- Born: August 8, 1936 Washington, D.C., U.S.
- Died: October 8, 2021 (aged 85) Holualoa, Hawaii, U.S.
- Education: Vassar College (AB) Harvard University (PhD)
- Known for: Heritability of IQ, race and intelligence
- Scientific career
- Fields: Developmental psychology, behavioral genetics
- Workplaces: University of Maryland University of Pennsylvania University of Minnesota Yale University University of Virginia
- Doctoral advisor: Irving Gottesman

= Sandra Scarr =

American psychologist and writer (1936–2021)

Sandra Wood Scarr (August 8, 1936 – October 8, 2021) was an American psychologist and writer. She was the first female full professor in psychology in the history of Yale University. She established core resources for the study of development, including the Minnesota Transracial Adoption Study and the Minnesota Adolescent Adoption Study. She served as president of multiple societies including the Association for Psychological Science and was honored with multiple awards including the James McKeen Cattell Fellow Award. She was also active in the development of commercial childcare. Her work with twins in the 1960s revealed strong genetic influences on intellectual development. One of her key findings was that this differed with race and socioeconomic status (SES), with poor and non-white children showing less genetic influence on their IQ and more environmental influence. She demonstrated a successful intervention in premature infants, showing that stimulation improved their health and developmental outcomes.
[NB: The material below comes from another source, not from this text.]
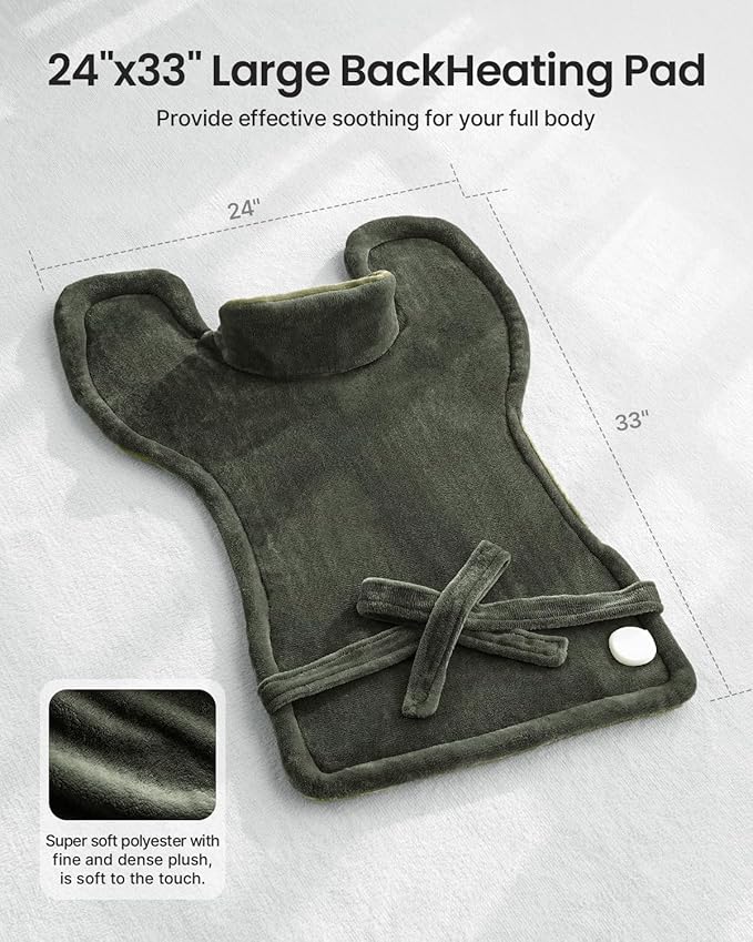 - Large Size & Pain Relief: The size of this electric heating pad is 24"x33". It can fully covering your neck and shoulders and back. In addition, it can also be flexibly applied to the arms, waist, abdomen, legs, and more. Edge weighted heating pad can provides soothing heat therapy to relieve sore muscles and muscle spasm. The heating pad for back pain relief makes a great relaxing gifts for women.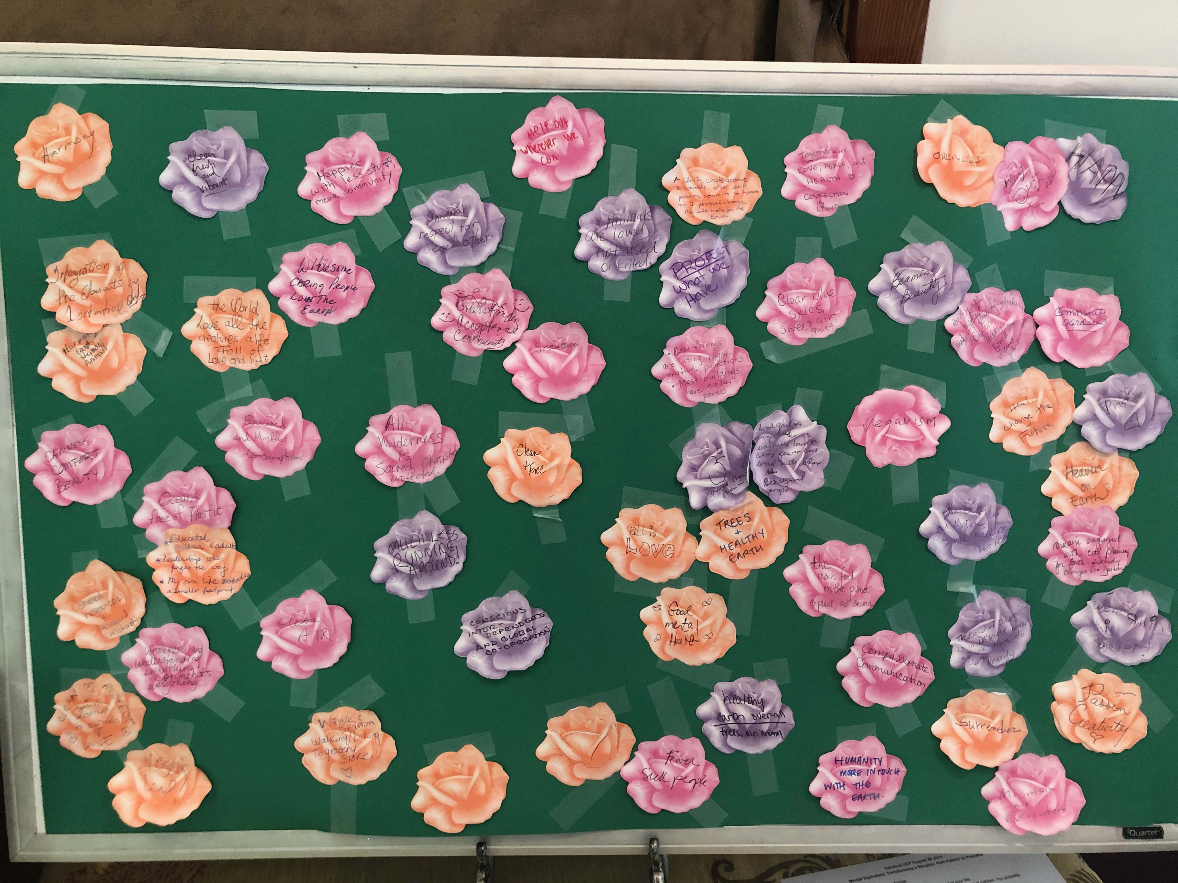 After my talk on A Vision for a Healed Planet, I led a simple visioning process where we all opened to a Divine Vision of what our planet, and all of humanity, would look like in 20 or 30 years... provided we began to implement the solutions that are currently available to us to reverse climate change and create a socially just world. Then everyone wrote a word or short phrase that captured that vision on a "flower stickie", came up to the platform and placed it on our board, created a vibrate and consciousness-expanding Flower Bed of Possibility. Together, we are making a difference!

At Minnesota, she and Richard A. Weinberg found that black and interracial children adopted early into white homes initially had outcomes more similar to the white average, suggesting a role of family environment early in life. By their teens, adoptees with two black birth parents achieved lower scores than did adoptees with one or no black birth parents, which some have argued suggests a genetic component to race differences in IQ.

Along with the Scarr-Rowe effect of socio-economic status on the heritability of intelligence, another key intellectual landmark established by Scarr was that "Rather than the home environment having a cumulative impact across development, its influence wanes from early childhood to adolescence." She sought also to advance scientific psychology, and in 1991 co-founded Current Directions In Psychological Science. She retired to Hawaii.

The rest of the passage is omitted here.